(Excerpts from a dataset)
□ □ □ □ □ □ □
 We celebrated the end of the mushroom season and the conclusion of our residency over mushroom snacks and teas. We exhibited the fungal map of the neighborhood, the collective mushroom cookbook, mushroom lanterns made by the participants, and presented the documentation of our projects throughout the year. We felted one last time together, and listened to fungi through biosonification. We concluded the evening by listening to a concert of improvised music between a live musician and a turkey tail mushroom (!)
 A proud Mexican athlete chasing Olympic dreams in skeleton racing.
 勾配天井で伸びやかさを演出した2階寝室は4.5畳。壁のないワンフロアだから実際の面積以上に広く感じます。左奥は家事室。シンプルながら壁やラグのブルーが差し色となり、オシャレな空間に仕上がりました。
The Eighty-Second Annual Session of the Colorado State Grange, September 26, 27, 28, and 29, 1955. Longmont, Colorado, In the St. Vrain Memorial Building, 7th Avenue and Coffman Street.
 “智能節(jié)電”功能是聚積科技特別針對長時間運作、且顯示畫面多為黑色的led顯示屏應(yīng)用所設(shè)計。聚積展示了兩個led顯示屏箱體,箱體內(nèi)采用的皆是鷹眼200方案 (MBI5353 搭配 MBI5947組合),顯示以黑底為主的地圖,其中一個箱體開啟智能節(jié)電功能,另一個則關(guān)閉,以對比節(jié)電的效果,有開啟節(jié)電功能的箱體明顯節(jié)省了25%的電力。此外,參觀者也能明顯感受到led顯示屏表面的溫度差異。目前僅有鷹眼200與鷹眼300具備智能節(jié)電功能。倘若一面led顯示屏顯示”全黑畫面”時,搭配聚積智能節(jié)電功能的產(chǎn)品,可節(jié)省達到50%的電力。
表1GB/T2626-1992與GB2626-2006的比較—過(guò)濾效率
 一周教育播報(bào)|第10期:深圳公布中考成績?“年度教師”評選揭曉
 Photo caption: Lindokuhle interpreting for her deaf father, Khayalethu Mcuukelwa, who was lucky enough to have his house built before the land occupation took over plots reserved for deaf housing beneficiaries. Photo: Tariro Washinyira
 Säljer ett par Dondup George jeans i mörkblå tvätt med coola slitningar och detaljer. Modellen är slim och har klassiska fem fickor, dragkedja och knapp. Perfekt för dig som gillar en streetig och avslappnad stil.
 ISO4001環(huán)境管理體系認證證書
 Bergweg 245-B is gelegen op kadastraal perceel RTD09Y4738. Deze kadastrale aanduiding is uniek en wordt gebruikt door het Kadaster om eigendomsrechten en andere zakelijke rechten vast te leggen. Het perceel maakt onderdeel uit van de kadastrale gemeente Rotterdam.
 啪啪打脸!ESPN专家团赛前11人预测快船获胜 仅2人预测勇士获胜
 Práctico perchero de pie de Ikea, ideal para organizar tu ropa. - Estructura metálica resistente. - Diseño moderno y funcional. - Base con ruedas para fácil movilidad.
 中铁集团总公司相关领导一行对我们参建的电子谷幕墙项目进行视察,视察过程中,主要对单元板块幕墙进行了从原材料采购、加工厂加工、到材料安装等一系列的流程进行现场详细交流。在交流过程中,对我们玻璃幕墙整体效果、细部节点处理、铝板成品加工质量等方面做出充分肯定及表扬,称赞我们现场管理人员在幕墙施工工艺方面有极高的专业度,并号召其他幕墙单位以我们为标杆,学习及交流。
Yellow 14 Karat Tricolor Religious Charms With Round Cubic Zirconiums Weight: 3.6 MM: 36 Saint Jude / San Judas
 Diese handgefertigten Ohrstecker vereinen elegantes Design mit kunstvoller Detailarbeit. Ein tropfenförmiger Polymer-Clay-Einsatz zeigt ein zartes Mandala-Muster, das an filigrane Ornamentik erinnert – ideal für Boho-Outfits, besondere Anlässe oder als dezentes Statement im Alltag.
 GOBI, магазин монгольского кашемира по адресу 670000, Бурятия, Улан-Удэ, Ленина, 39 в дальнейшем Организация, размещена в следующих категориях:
□ □ □ □ □ □ □
Looking at the data above, write out exactly the lines that start at the one containing "表1GB/T2626-1992與GB2626-2006的比較—過(guò)濾效率" and end at the one containing "中铁集团总公司相关领导一行对"; include both and nothing beyond.

表1GB/T2626-1992與GB2626-2006的比較—過(guò)濾效率
 一周教育播報(bào)|第10期:深圳公布中考成績?“年度教師”評選揭曉
 Photo caption: Lindokuhle interpreting for her deaf father, Khayalethu Mcuukelwa, who was lucky enough to have his house built before the land occupation took over plots reserved for deaf housing beneficiaries. Photo: Tariro Washinyira
 Säljer ett par Dondup George jeans i mörkblå tvätt med coola slitningar och detaljer. Modellen är slim och har klassiska fem fickor, dragkedja och knapp. Perfekt för dig som gillar en streetig och avslappnad stil.
 ISO4001環(huán)境管理體系認證證書
 Bergweg 245-B is gelegen op kadastraal perceel RTD09Y4738. Deze kadastrale aanduiding is uniek en wordt gebruikt door het Kadaster om eigendomsrechten en andere zakelijke rechten vast te leggen. Het perceel maakt onderdeel uit van de kadastrale gemeente Rotterdam.
 啪啪打脸!ESPN专家团赛前11人预测快船获胜 仅2人预测勇士获胜
 Práctico perchero de pie de Ikea, ideal para organizar tu ropa. - Estructura metálica resistente. - Diseño moderno y funcional. - Base con ruedas para fácil movilidad.
 中铁集团总公司相关领导一行对我们参建的电子谷幕墙项目进行视察,视察过程中,主要对单元板块幕墙进行了从原材料采购、加工厂加工、到材料安装等一系列的流程进行现场详细交流。在交流过程中,对我们玻璃幕墙整体效果、细部节点处理、铝板成品加工质量等方面做出充分肯定及表扬,称赞我们现场管理人员在幕墙施工工艺方面有极高的专业度,并号召其他幕墙单位以我们为标杆,学习及交流。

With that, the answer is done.